Notes to Condensed Consolidated Financial Statements — (Continued)
(dollars and shares in thousands, except per share data)
(unaudited)
 
(13) Issued But Not Yet Effective Accounting Standards
 
Fair Value Measurements
 
The FASB has issued SFAS No. 157, Fair Value Measurements (“SFAS 157”), which provides guidance for using fair value to measure assets and liabilities. The standard also responds to investors’ requests for more information about (1) the extent to which companies measure assets and liabilities at fair value, (2) the information used to measure fair value, and (3) the effect that fair-value measurements have on earnings. SFAS 157 will apply whenever another standard requires (or permits) assets or liabilities to be measured at fair value. The standard does not expand the use of fair value to any new circumstances. SFAS 157 is effective for financial statements issued for fiscal years beginning after November 15, 2007, and interim periods within those fiscal years. The Company is currently evaluating the impact, if any, of SFAS 157 on its results of operations and financial position.
 
Pension and Other Postretirement Benefits
 
In September 2006, the FASB issued SFAS No. 158, Employer’s Accounting for Defined Benefit Pension and Other Postretirement Plans (an amendment of FASB Statements No. 87, 88, 106, and 132R) (“SFAS 158”). SFAS 158 requires an employer to recognize in its statement of financial position an asset for a plan’s overfunded status or a liability for a plan’s underfunded status, measure a plan’s assets and its obligations that determine its funded status as of the end of the employer’s fiscal year (with limited exceptions), and recognize changes in the funded status of a defined benefit postretirement plan in the year in which the changes occur. Those changes will be reported in accumulated other comprehensive loss and as a separate component of stockholders’ equity.

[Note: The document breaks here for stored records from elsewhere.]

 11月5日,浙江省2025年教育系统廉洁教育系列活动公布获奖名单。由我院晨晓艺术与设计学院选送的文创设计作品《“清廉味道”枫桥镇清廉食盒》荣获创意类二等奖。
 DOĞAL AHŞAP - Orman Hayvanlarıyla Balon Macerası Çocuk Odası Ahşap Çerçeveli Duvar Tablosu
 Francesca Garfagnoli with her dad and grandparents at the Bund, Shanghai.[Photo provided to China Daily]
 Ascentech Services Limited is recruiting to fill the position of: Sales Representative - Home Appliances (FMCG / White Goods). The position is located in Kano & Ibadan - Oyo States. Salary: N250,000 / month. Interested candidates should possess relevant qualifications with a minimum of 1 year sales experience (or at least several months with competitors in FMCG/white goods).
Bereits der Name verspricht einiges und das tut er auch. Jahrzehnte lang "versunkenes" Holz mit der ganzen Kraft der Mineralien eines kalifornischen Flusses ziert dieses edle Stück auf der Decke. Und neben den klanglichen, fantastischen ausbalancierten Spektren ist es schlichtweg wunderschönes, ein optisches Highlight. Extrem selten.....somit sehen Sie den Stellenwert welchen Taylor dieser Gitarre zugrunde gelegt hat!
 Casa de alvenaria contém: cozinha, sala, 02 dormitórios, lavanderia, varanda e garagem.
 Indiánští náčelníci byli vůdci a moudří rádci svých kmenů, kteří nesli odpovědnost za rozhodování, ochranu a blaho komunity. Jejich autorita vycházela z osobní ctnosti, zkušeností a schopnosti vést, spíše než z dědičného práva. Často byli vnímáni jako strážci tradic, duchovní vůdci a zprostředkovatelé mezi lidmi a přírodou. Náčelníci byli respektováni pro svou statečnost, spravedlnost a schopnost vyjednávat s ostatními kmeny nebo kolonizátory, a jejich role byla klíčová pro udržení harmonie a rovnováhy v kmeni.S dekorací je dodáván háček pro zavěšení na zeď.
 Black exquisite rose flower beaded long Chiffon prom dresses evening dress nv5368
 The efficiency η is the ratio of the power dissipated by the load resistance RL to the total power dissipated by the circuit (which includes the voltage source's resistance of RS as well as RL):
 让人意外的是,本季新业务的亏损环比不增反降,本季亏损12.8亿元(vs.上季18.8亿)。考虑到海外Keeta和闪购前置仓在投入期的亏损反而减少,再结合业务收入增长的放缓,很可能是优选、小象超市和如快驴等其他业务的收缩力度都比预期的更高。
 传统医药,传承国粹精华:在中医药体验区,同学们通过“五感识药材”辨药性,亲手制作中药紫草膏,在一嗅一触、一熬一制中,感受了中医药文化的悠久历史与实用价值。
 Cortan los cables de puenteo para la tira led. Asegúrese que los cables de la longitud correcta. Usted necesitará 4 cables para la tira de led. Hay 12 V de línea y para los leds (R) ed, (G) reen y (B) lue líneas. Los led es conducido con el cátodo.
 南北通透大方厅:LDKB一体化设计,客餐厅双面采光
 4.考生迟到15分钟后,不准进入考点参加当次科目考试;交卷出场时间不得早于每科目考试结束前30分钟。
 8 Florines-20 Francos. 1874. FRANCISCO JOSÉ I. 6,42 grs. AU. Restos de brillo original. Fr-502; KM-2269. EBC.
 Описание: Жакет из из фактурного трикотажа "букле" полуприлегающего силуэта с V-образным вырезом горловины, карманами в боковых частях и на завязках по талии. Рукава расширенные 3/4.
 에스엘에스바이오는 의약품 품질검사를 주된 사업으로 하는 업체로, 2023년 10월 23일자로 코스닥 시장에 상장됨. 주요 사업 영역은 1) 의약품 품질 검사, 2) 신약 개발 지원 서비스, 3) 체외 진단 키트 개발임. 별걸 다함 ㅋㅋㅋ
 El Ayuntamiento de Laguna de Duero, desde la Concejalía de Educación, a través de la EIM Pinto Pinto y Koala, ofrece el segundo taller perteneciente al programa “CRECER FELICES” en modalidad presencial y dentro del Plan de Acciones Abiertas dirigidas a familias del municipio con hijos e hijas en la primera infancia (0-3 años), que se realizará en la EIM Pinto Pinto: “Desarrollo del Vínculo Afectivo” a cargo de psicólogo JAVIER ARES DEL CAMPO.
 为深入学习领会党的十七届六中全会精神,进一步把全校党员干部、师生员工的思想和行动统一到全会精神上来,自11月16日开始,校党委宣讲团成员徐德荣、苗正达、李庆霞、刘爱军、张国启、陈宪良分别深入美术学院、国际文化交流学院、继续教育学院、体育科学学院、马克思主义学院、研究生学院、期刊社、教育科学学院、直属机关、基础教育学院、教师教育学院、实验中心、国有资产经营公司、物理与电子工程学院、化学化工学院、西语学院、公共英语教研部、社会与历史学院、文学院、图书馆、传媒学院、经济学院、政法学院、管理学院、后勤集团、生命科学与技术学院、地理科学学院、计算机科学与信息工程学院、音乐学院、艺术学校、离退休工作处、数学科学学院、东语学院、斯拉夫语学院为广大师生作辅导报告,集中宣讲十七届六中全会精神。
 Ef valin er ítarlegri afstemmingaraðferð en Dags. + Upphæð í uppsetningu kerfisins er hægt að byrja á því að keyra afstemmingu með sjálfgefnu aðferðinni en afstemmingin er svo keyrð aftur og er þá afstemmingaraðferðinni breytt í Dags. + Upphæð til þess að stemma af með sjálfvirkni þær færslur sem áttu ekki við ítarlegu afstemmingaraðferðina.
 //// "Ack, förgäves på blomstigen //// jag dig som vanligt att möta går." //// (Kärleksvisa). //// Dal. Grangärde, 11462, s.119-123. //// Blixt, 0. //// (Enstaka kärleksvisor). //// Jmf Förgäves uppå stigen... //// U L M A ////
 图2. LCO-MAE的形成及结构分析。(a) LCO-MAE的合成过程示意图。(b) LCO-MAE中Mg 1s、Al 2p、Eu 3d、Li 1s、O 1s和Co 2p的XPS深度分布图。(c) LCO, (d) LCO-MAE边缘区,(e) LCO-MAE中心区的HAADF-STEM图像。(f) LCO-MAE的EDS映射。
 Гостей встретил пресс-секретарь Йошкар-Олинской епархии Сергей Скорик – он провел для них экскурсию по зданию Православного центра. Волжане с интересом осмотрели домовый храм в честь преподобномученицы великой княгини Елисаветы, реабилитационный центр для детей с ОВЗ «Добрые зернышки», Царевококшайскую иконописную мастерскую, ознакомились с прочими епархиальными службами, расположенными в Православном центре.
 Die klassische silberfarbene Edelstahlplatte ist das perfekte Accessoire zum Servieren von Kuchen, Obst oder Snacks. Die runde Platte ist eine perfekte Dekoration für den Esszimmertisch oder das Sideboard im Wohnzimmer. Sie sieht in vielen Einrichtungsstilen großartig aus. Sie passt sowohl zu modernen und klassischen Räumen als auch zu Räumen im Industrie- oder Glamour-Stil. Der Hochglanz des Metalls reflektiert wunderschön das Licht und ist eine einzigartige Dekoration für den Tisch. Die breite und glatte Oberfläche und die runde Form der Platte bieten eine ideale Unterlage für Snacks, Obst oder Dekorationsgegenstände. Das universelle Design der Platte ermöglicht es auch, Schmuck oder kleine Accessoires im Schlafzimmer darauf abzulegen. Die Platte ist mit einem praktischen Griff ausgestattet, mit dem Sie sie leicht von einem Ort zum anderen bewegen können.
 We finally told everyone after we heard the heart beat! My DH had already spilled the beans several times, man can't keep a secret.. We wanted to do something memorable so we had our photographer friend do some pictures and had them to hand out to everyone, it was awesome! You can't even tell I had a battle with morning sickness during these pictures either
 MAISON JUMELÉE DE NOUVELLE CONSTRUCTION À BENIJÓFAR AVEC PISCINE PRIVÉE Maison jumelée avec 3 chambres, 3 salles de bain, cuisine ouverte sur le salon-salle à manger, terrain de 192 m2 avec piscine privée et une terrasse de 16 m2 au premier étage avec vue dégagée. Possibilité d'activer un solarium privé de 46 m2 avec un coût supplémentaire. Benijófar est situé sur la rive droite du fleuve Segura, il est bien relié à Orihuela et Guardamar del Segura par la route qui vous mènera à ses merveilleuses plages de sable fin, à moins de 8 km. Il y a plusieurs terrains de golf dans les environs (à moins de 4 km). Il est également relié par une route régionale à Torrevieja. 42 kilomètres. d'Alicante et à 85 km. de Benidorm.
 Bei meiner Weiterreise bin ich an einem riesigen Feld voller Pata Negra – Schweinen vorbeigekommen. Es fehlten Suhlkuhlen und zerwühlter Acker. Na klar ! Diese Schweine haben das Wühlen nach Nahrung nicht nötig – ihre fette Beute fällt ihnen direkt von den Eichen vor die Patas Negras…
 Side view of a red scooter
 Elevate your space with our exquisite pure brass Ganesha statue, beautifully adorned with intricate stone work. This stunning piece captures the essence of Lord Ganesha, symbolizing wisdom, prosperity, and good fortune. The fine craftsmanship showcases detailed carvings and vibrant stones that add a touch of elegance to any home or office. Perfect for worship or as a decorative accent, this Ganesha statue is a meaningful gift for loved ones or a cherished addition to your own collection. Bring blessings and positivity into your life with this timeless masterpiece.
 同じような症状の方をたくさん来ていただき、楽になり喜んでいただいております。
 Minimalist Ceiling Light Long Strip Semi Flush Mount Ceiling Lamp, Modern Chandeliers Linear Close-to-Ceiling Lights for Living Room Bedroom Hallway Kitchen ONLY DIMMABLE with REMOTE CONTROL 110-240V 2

The Company adopted the provision to recognize the funded status of a benefit plan and the disclosure requirements during the six months ended December 30, 2006. The requirement to measure plan assets and benefit obligations as of the date of the employer’s fiscal year-end is effective for fiscal years ending after December 15, 2008. The Company plans to adopt the measurement date provision in fiscal 2007.
 
Fair Value Option for Financial Assets and Financial Liabilities
 
In February 2007, the FASB issued SFAS No. 159, The Fair Value Option for Financial Assets and Financial Liabilities, including an amendment of FASB Statement No. 115 (“SFAS 159”). SFAS 159 permits companies to choose to measure many financial instruments and certain other items at fair value that are not currently required to be measured at fair value and establishes presentation and disclosure requirements designed to facilitate comparisons between companies that choose different measurement attributes for similar types of assets and liabilities. The provisions of SFAS 159 become effective for fiscal years beginning after November 15, 2007. The Company is currently evaluating the impact that SFAS 159 will have on its results of operations and financial position.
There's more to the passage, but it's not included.